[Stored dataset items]
*** Begin section ***

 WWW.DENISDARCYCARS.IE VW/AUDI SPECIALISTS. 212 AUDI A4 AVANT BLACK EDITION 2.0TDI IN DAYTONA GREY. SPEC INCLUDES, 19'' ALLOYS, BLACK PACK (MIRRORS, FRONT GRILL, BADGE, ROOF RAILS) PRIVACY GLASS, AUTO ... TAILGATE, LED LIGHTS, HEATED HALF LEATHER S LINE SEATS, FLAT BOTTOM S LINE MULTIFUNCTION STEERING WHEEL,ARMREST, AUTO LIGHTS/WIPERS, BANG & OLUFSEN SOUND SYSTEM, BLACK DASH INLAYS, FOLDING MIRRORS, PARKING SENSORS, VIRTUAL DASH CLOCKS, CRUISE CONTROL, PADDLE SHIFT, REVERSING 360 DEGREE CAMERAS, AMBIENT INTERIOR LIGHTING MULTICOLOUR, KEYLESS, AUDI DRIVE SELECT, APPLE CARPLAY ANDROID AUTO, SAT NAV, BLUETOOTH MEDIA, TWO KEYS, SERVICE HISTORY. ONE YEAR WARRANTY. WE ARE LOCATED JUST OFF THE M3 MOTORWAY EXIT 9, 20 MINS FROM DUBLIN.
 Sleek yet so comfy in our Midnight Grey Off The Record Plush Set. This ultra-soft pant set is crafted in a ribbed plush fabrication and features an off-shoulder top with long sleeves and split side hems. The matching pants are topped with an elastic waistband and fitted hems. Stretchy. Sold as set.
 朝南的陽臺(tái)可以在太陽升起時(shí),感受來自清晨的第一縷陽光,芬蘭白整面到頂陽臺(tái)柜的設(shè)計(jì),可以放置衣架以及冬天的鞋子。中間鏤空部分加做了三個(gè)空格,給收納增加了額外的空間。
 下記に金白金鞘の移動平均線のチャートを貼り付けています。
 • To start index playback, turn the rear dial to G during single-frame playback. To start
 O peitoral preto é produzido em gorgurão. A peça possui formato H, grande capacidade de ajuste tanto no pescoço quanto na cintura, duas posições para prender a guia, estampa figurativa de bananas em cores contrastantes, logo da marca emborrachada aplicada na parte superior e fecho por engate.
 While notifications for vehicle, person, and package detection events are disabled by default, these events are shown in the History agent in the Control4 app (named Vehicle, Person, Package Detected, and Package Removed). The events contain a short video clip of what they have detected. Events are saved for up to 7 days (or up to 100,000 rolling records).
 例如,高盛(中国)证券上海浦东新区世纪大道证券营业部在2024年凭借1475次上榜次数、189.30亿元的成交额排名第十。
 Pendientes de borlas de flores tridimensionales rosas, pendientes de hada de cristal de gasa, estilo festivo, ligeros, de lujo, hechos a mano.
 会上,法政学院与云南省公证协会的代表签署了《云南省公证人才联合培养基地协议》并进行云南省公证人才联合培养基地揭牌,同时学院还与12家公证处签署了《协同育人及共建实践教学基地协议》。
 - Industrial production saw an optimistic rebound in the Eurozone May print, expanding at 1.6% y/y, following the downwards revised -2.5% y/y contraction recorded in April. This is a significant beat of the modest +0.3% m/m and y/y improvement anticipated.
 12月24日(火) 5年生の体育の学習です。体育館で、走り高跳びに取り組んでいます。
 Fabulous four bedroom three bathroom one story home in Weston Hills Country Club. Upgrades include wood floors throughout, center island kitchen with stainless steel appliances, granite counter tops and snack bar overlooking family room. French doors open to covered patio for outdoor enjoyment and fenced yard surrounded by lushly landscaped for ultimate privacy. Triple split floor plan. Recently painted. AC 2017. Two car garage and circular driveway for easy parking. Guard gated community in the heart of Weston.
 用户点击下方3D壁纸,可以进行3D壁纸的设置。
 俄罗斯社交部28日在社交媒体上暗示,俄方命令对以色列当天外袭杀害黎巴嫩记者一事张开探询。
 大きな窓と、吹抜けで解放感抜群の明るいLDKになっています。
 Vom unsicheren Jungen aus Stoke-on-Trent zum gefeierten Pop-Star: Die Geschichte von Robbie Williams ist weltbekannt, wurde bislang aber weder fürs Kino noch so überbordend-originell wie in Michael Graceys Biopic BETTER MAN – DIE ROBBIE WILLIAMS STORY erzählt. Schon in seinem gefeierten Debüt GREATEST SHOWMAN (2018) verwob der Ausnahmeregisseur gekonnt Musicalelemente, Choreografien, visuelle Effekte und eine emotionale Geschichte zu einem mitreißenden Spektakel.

*** End section ***

**What needs to be done:**
Write out the records in full, exactly as they appear above.

**Written response:**
 WWW.DENISDARCYCARS.IE VW/AUDI SPECIALISTS. 212 AUDI A4 AVANT BLACK EDITION 2.0TDI IN DAYTONA GREY. SPEC INCLUDES, 19'' ALLOYS, BLACK PACK (MIRRORS, FRONT GRILL, BADGE, ROOF RAILS) PRIVACY GLASS, AUTO ... TAILGATE, LED LIGHTS, HEATED HALF LEATHER S LINE SEATS, FLAT BOTTOM S LINE MULTIFUNCTION STEERING WHEEL,ARMREST, AUTO LIGHTS/WIPERS, BANG & OLUFSEN SOUND SYSTEM, BLACK DASH INLAYS, FOLDING MIRRORS, PARKING SENSORS, VIRTUAL DASH CLOCKS, CRUISE CONTROL, PADDLE SHIFT, REVERSING 360 DEGREE CAMERAS, AMBIENT INTERIOR LIGHTING MULTICOLOUR, KEYLESS, AUDI DRIVE SELECT, APPLE CARPLAY ANDROID AUTO, SAT NAV, BLUETOOTH MEDIA, TWO KEYS, SERVICE HISTORY. ONE YEAR WARRANTY. WE ARE LOCATED JUST OFF THE M3 MOTORWAY EXIT 9, 20 MINS FROM DUBLIN.
 Sleek yet so comfy in our Midnight Grey Off The Record Plush Set. This ultra-soft pant set is crafted in a ribbed plush fabrication and features an off-shoulder top with long sleeves and split side hems. The matching pants are topped with an elastic waistband and fitted hems. Stretchy. Sold as set.
 朝南的陽臺(tái)可以在太陽升起時(shí),感受來自清晨的第一縷陽光,芬蘭白整面到頂陽臺(tái)柜的設(shè)計(jì),可以放置衣架以及冬天的鞋子。中間鏤空部分加做了三個(gè)空格,給收納增加了額外的空間。
 下記に金白金鞘の移動平均線のチャートを貼り付けています。
 • To start index playback, turn the rear dial to G during single-frame playback. To start
 O peitoral preto é produzido em gorgurão. A peça possui formato H, grande capacidade de ajuste tanto no pescoço quanto na cintura, duas posições para prender a guia, estampa figurativa de bananas em cores contrastantes, logo da marca emborrachada aplicada na parte superior e fecho por engate.
 While notifications for vehicle, person, and package detection events are disabled by default, these events are shown in the History agent in the Control4 app (named Vehicle, Person, Package Detected, and Package Removed). The events contain a short video clip of what they have detected. Events are saved for up to 7 days (or up to 100,000 rolling records).
 例如,高盛(中国)证券上海浦东新区世纪大道证券营业部在2024年凭借1475次上榜次数、189.30亿元的成交额排名第十。
 Pendientes de borlas de flores tridimensionales rosas, pendientes de hada de cristal de gasa, estilo festivo, ligeros, de lujo, hechos a mano.
 会上,法政学院与云南省公证协会的代表签署了《云南省公证人才联合培养基地协议》并进行云南省公证人才联合培养基地揭牌,同时学院还与12家公证处签署了《协同育人及共建实践教学基地协议》。
 - Industrial production saw an optimistic rebound in the Eurozone May print, expanding at 1.6% y/y, following the downwards revised -2.5% y/y contraction recorded in April. This is a significant beat of the modest +0.3% m/m and y/y improvement anticipated.
 12月24日(火) 5年生の体育の学習です。体育館で、走り高跳びに取り組んでいます。
 Fabulous four bedroom three bathroom one story home in Weston Hills Country Club. Upgrades include wood floors throughout, center island kitchen with stainless steel appliances, granite counter tops and snack bar overlooking family room. French doors open to covered patio for outdoor enjoyment and fenced yard surrounded by lushly landscaped for ultimate privacy. Triple split floor plan. Recently painted. AC 2017. Two car garage and circular driveway for easy parking. Guard gated community in the heart of Weston.
 用户点击下方3D壁纸,可以进行3D壁纸的设置。
 俄罗斯社交部28日在社交媒体上暗示,俄方命令对以色列当天外袭杀害黎巴嫩记者一事张开探询。
 大きな窓と、吹抜けで解放感抜群の明るいLDKになっています。
 Vom unsicheren Jungen aus Stoke-on-Trent zum gefeierten Pop-Star: Die Geschichte von Robbie Williams ist weltbekannt, wurde bislang aber weder fürs Kino noch so überbordend-originell wie in Michael Graceys Biopic BETTER MAN – DIE ROBBIE WILLIAMS STORY erzählt. Schon in seinem gefeierten Debüt GREATEST SHOWMAN (2018) verwob der Ausnahmeregisseur gekonnt Musicalelemente, Choreografien, visuelle Effekte und eine emotionale Geschichte zu einem mitreißenden Spektakel.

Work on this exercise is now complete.